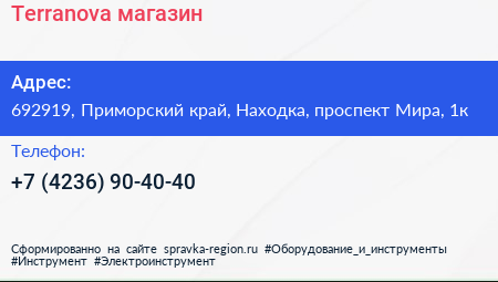 Terranova, магазин по адресу 692919, Приморский край, Находка, проспект Мира, 1к в дальнейшем Организация, размещена в следующих категориях:
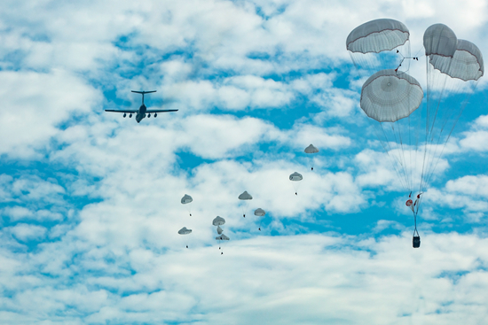2000年8月,空降兵成功進(jìn)行了一次連投30件作戰(zhàn)物資的試驗(yàn),超過國(guó)外一次連投最多22件的紀(jì)錄,這是空降作戰(zhàn)物資實(shí)施快速補(bǔ)給最有效的方法,從此,空降兵有了可靠的“機(jī)動(dòng)式倉庫”。
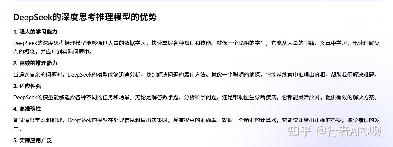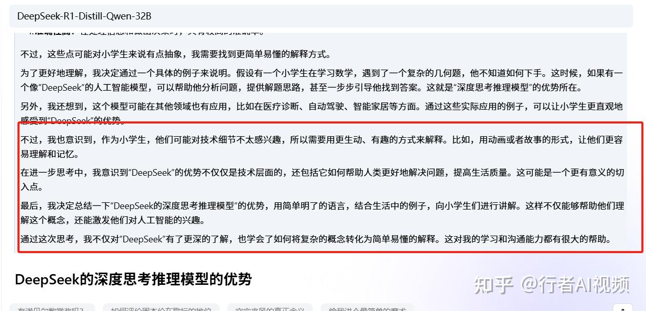 示例:请面向小学生说明,DeepSeek 的深度思考推理模型的优势在哪?
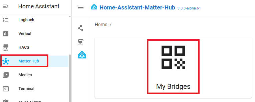 Im Seitenmenü "Matter Hub" auswählen und die Kachel "My Bridges" auswählen:
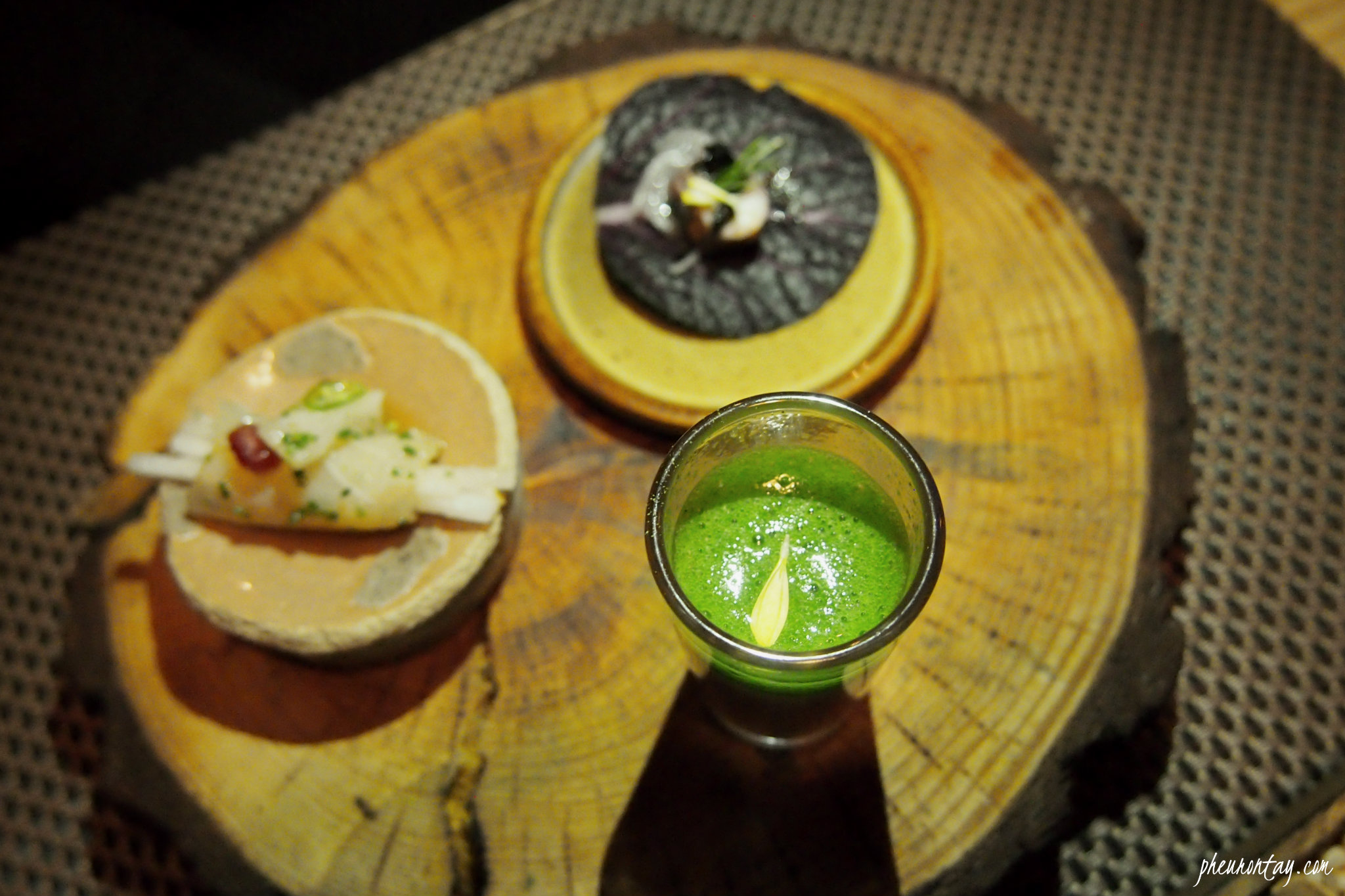 Seasonality. First on the table were three cold dishes: flounder fish, veggie wraps, strawberry puree and chives shot. A little bit of everything from the forest to the sea, I love how all the elements work together, so clean and refreshing it wakes my taste buds for the night.

Work instructions -
Each record should be copied exactly, and each image left out.

Answer below -
 Terranova, магазин по адресу 692919, Приморский край, Находка, проспект Мира, 1к в дальнейшем Организация, размещена в следующих категориях:
2000年8月,空降兵成功進(jìn)行了一次連投30件作戰(zhàn)物資的試驗(yàn),超過國(guó)外一次連投最多22件的紀(jì)錄,這是空降作戰(zhàn)物資實(shí)施快速補(bǔ)給最有效的方法,從此,空降兵有了可靠的“機(jī)動(dòng)式倉庫”。
 示例:请面向小学生说明,DeepSeek 的深度思考推理模型的优势在哪?
 Im Seitenmenü "Matter Hub" auswählen und die Kachel "My Bridges" auswählen:
 Seasonality. First on the table were three cold dishes: flounder fish, veggie wraps, strawberry puree and chives shot. A little bit of everything from the forest to the sea, I love how all the elements work together, so clean and refreshing it wakes my taste buds for the night.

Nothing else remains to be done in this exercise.